In the washroom she wept her heart out. Suddenly, she realized that her water bag had burst. She panicked. Going into normal labor was dangerous for the baby. She prayed. The doctors had to perform an emergency operation promptly. For some reasons, doctors had to give her oral anesthesia. The surgery lasted for almost ninety minutes and it took her another two hours to regain consciousness. The mental state she was in after the fight and the anesthesia during the surgery together had affected her brain. She had gone into shock. Her senses had numbed. Her responses became sluggish and dull. She was in a different world altogether. Everything was distant and unrelated. She would continually stare at wall and her mind was blank. Many memories were that meant so much were forgotten forever that day. Little did she know her life was changed for ever. Wit and intelligence had once been her charm. She had lost it all. Recollecting who she was, where she was, what day it was, all started to take unusually long time. This dull-headedness continued for many years that followed.

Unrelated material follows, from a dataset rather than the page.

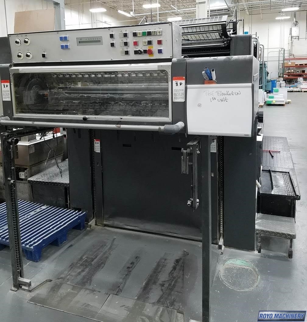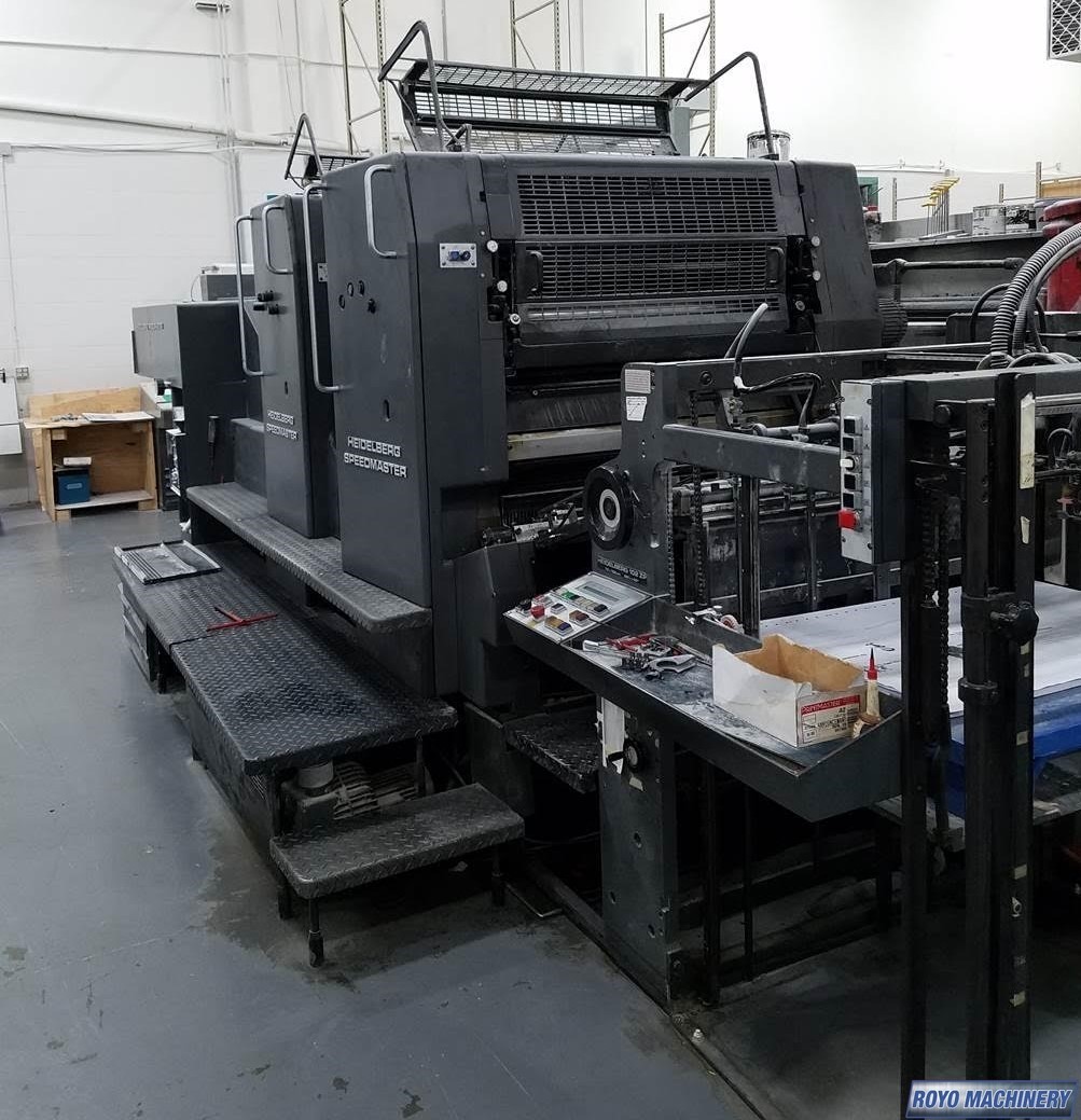 Stream Feeder, Steel plate in delivery, Refrigerated Recirculator, Quick action plate clamps, High pile delivery, Grafix Exactomat powder spray, Double sheet detector, CPTronic, Bacher pin register on clamps, Alcolor Dampening, 12000 sph, Grafix IR Dryer
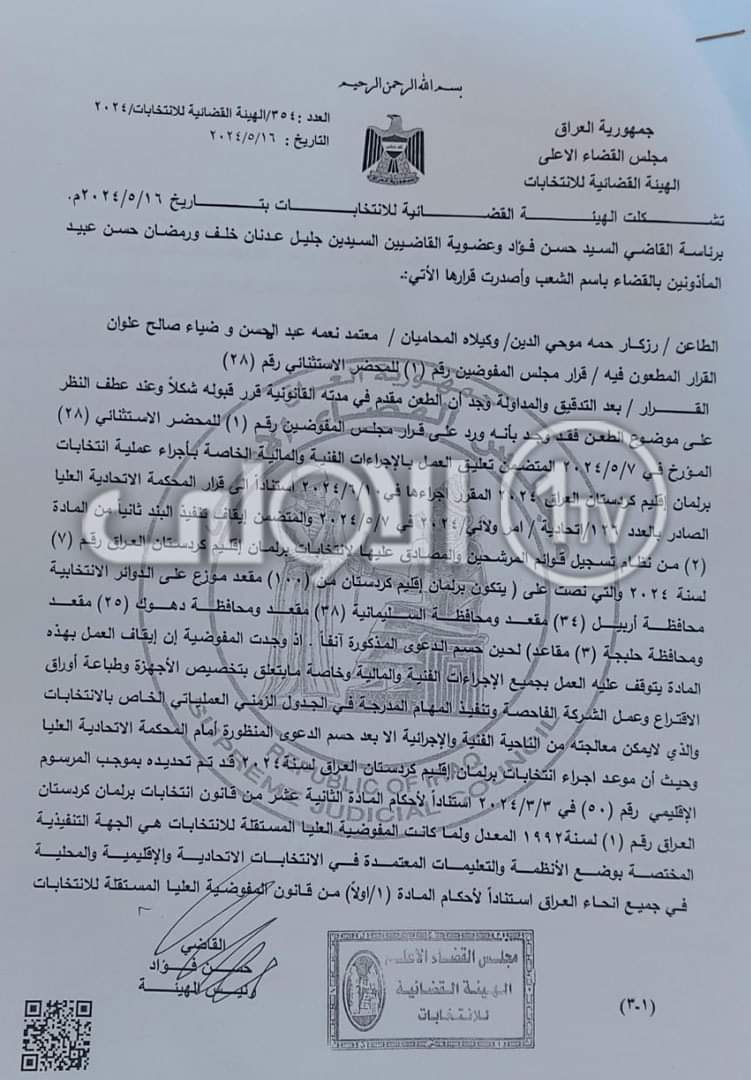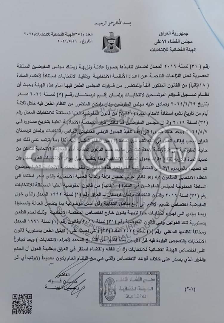 هەروەها ئاماژە بەوەشکراوە، دهستهی دادوهریی ههڵبژاردن، كۆمسیۆنی ههڵبژاردنهكانی عێراق پابهند دهكات بهوهی دهست به رێوشوێنهكانی بكاتهوه بۆ سازدانی ههڵبژاردنی كوردستان.

Post operation, her discomfort was heightened by visitors. Although doctors had advised bed rest for the entire day, she was compelled to pretend that she was normal. Her in-laws, who were so opposing to what all the doctors said, came to visit her. She was forced to sit and walk, smile and chat for almost three hours. The nurse, who came to check her temperature, as a routine, was shocked to see it. She quickly made her lie down and informed everyone that while the patient is in the hospital, he has to abide with doctors advice. The crying of the newborn, would often bring her attention back from the state of nothingness. As she would hold the baby in her arms she felt a strange peace and calm descended upon her for sometime.
The shock-like state lasted for years. With passing years she got overall better as she began working full time. Anxiety still triggered the same trauma-like response in her. However, looking back she sees that the journey was a tough terrain trek. She saw herself as a soul on a journey, surviving the numb heart and the broken past! Healing always took time.
She was grateful to God for everything she had been through. She was grateful to the angels she met in the human form time and again, who have taught her the significance of empathy and compassion. It were these fragments of love and kindness along with her struggles and challenges that had navigated her into her current trajectory. She understood that everything that ever happened had facilitated the movement towards growth and ascension.